TASK DETAILS — Only the lines from the one containing "从公司下游客户来看,客户集中" through the end of the material should be printed, exactly as they appear. Leave out pictures.

GIVEN INFORMATION —

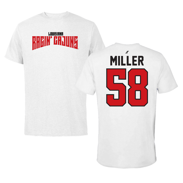 University of Louisiana at Lafayette Football White Classic Tee - #58 Grant Miller
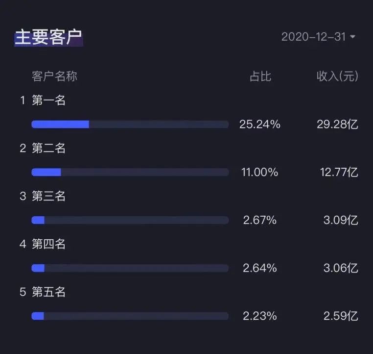 从公司下游客户来看,客户集中度较高,2020年前五大客户合计销售金额占总销售额约43.8%。其中,第一大客户销售额约为29.3亿,占全年总营收的25.3%。
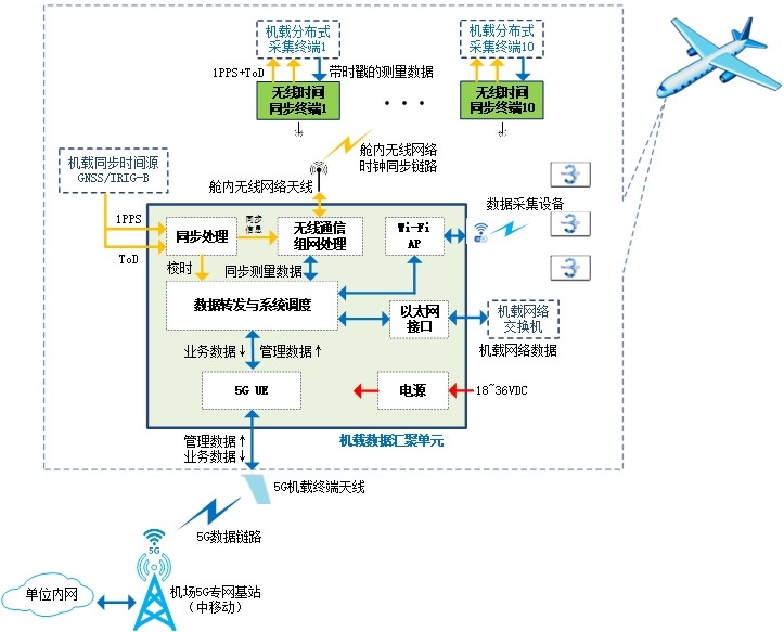 多體制高速無線網絡系統利用機載數據匯聚單元及配套的無線時間同步終端,將各分布式采集終端采集的測量數據,通過艙內無線網絡傳輸至數據匯聚單元;同時可將來自同步時間源(如GNSSIRIG時鐘)的1PPS+TOD同步信息,通過艙內無線網絡高精度(10納秒級抖動)同步傳輸至各無線時間同步終端對外同步輸出,供分布式采集器作為數據采集的同步源,實現分布式并發同步數據采集。

REPLY TO THE EXERCISE —
 从公司下游客户来看,客户集中度较高,2020年前五大客户合计销售金额占总销售额约43.8%。其中,第一大客户销售额约为29.3亿,占全年总营收的25.3%。
 多體制高速無線網絡系統利用機載數據匯聚單元及配套的無線時間同步終端,將各分布式采集終端采集的測量數據,通過艙內無線網絡傳輸至數據匯聚單元;同時可將來自同步時間源(如GNSSIRIG時鐘)的1PPS+TOD同步信息,通過艙內無線網絡高精度(10納秒級抖動)同步傳輸至各無線時間同步終端對外同步輸出,供分布式采集器作為數據采集的同步源,實現分布式并發同步數據采集。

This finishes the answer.